## Records for this exercise

BEGIN

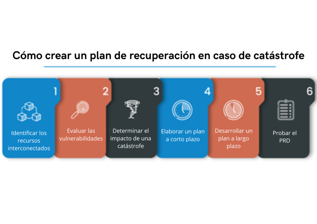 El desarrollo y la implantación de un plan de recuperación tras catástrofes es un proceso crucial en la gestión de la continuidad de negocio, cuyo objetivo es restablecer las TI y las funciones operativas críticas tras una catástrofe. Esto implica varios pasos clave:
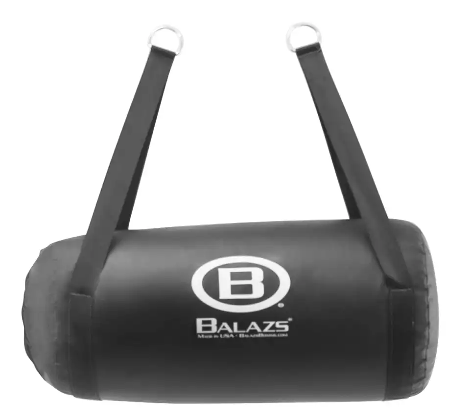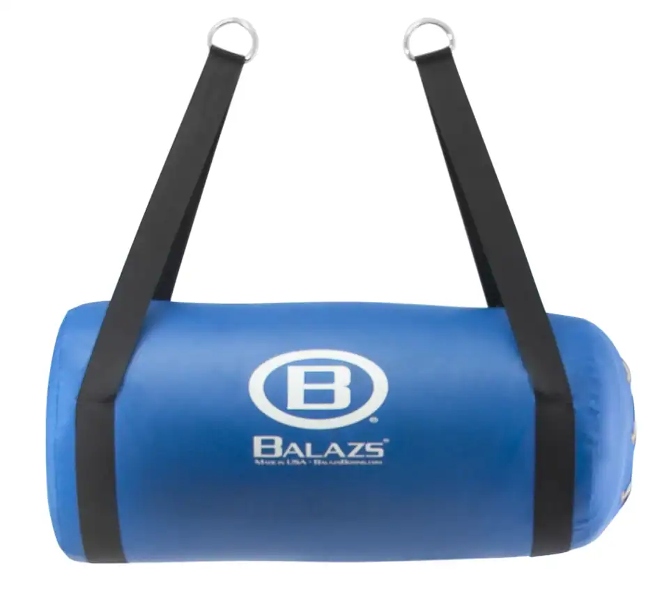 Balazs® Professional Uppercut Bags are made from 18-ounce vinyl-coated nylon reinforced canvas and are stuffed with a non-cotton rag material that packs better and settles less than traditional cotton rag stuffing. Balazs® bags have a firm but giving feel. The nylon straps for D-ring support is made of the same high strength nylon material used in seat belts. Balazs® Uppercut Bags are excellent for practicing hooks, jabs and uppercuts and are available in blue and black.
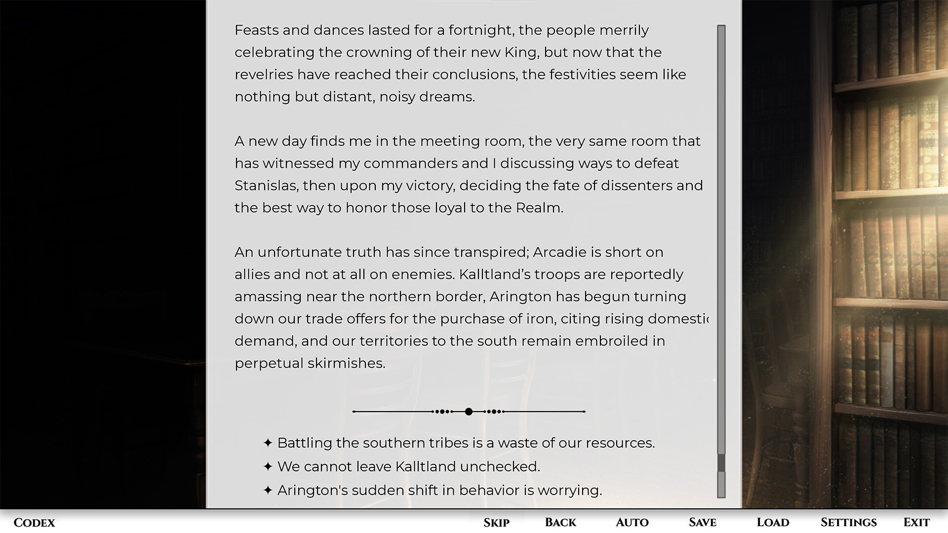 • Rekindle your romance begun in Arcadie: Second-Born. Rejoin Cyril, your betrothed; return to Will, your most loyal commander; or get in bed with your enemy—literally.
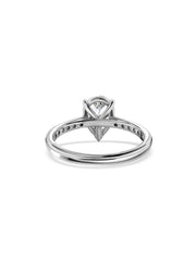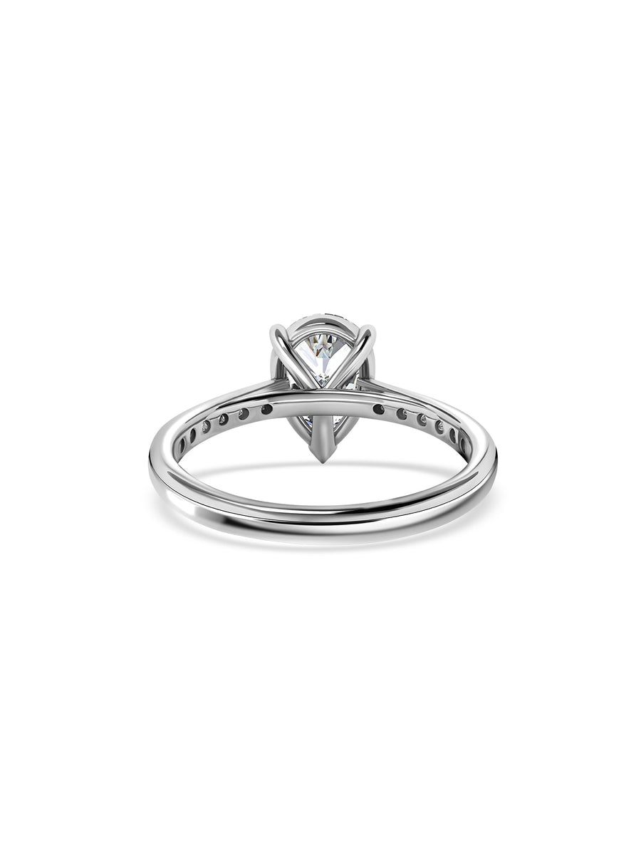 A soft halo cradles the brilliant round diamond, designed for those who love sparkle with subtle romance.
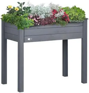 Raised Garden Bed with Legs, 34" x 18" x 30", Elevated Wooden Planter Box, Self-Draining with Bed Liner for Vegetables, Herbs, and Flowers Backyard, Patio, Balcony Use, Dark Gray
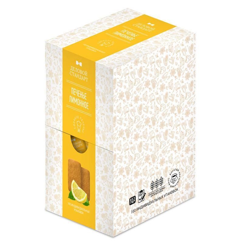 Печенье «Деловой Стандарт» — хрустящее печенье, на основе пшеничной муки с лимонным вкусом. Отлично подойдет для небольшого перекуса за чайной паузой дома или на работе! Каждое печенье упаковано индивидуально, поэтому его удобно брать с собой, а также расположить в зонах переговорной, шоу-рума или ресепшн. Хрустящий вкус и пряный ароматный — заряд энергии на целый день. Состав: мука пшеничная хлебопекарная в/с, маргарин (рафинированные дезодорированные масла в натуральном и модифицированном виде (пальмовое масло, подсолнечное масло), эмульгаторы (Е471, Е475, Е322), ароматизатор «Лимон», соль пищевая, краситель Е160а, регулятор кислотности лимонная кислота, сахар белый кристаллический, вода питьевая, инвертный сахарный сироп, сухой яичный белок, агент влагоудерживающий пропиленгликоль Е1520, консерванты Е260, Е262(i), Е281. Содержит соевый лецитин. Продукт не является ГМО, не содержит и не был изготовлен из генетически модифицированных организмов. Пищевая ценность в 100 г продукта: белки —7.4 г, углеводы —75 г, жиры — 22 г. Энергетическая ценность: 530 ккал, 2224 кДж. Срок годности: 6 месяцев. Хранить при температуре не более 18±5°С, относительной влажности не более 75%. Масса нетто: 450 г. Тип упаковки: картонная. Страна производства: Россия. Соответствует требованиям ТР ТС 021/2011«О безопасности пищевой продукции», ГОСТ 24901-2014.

END
BEGIN

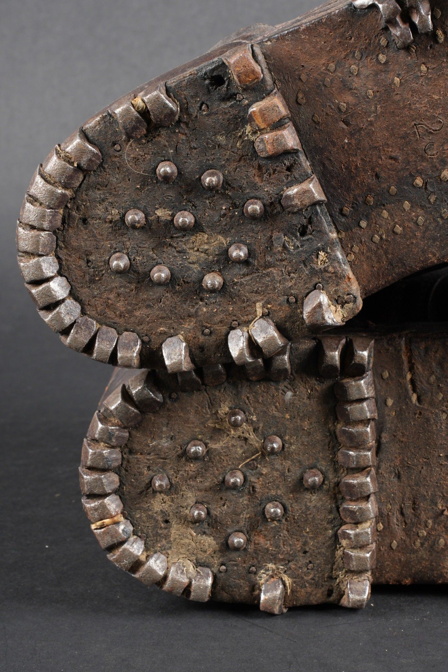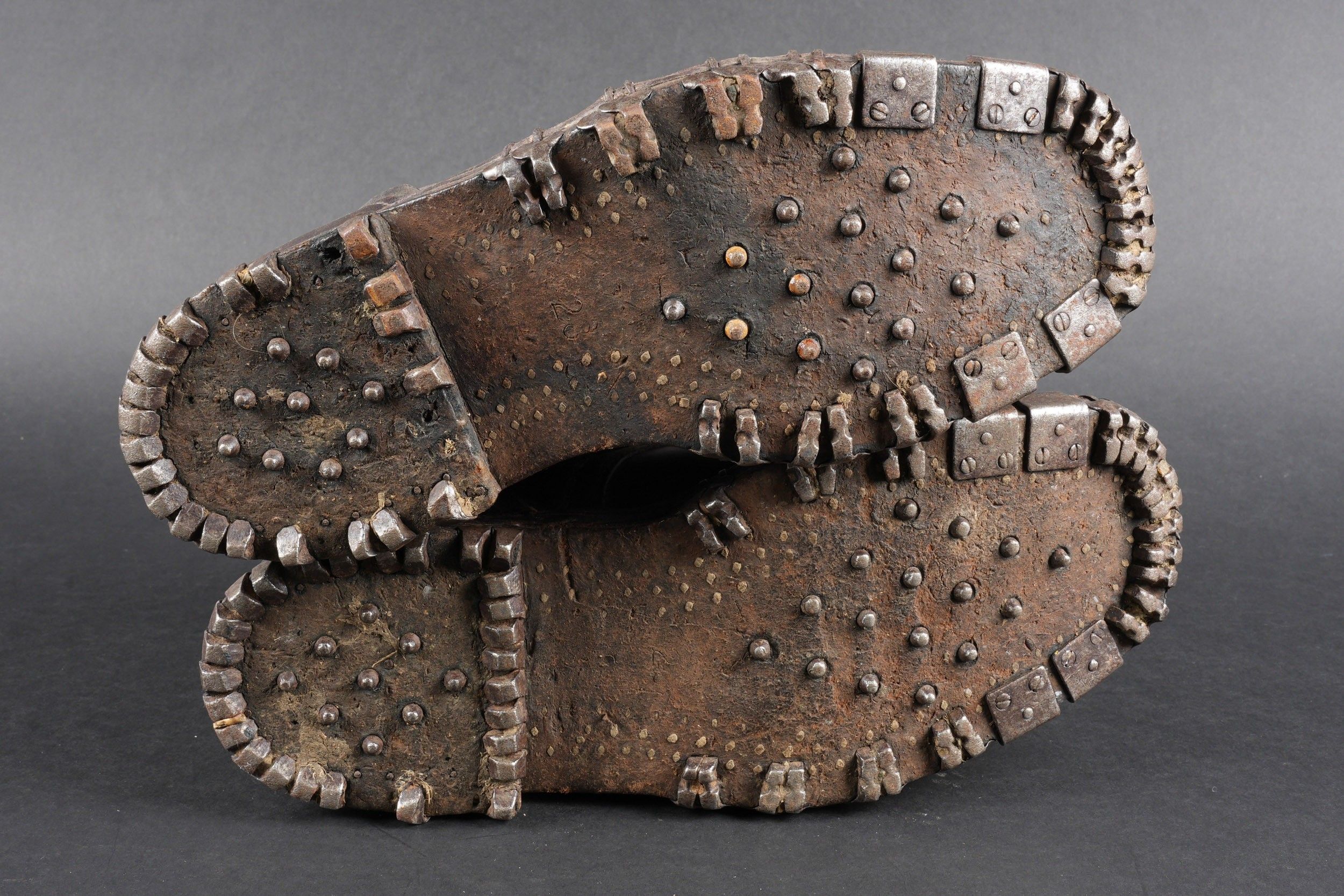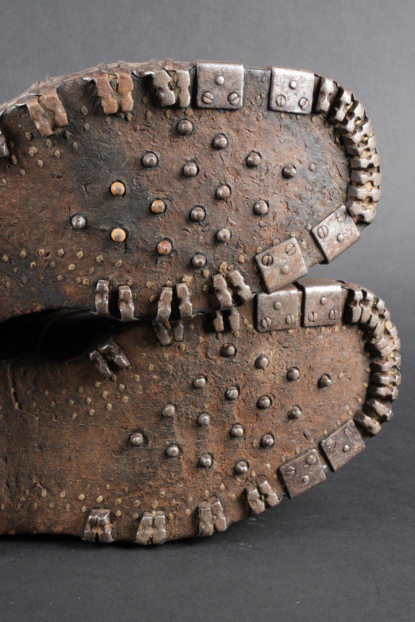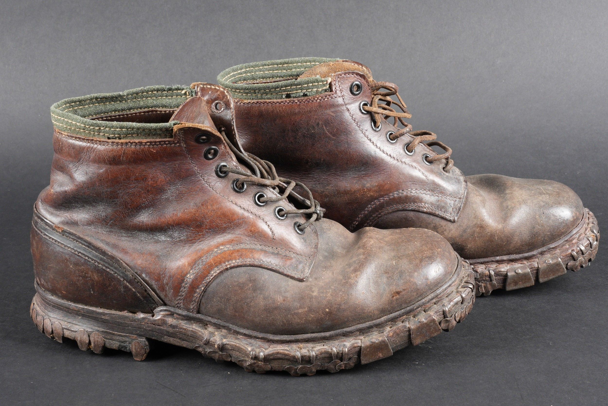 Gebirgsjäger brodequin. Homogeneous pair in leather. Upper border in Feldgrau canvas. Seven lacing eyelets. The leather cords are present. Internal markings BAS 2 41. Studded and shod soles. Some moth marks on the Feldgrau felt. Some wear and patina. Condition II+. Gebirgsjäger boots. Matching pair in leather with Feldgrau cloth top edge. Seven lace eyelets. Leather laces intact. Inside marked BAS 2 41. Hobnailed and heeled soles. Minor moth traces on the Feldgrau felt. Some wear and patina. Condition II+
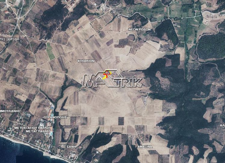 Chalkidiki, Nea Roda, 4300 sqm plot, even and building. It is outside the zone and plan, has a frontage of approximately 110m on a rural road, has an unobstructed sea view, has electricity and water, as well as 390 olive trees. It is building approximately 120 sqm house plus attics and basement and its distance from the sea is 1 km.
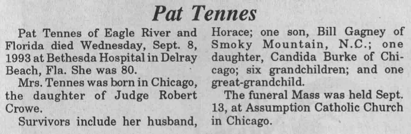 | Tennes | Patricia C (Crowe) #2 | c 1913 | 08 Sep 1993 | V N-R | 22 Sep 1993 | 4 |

END

## About this exercise
For this exercise, please set down exactly the lines of the listing above from the line with "El desarrollo y" up to and including the line with "with your enemy—literally.", and no pictures.

## Expected answer
 El desarrollo y la implantación de un plan de recuperación tras catástrofes es un proceso crucial en la gestión de la continuidad de negocio, cuyo objetivo es restablecer las TI y las funciones operativas críticas tras una catástrofe. Esto implica varios pasos clave:
 Balazs® Professional Uppercut Bags are made from 18-ounce vinyl-coated nylon reinforced canvas and are stuffed with a non-cotton rag material that packs better and settles less than traditional cotton rag stuffing. Balazs® bags have a firm but giving feel. The nylon straps for D-ring support is made of the same high strength nylon material used in seat belts. Balazs® Uppercut Bags are excellent for practicing hooks, jabs and uppercuts and are available in blue and black.
 • Rekindle your romance begun in Arcadie: Second-Born. Rejoin Cyril, your betrothed; return to Will, your most loyal commander; or get in bed with your enemy—literally.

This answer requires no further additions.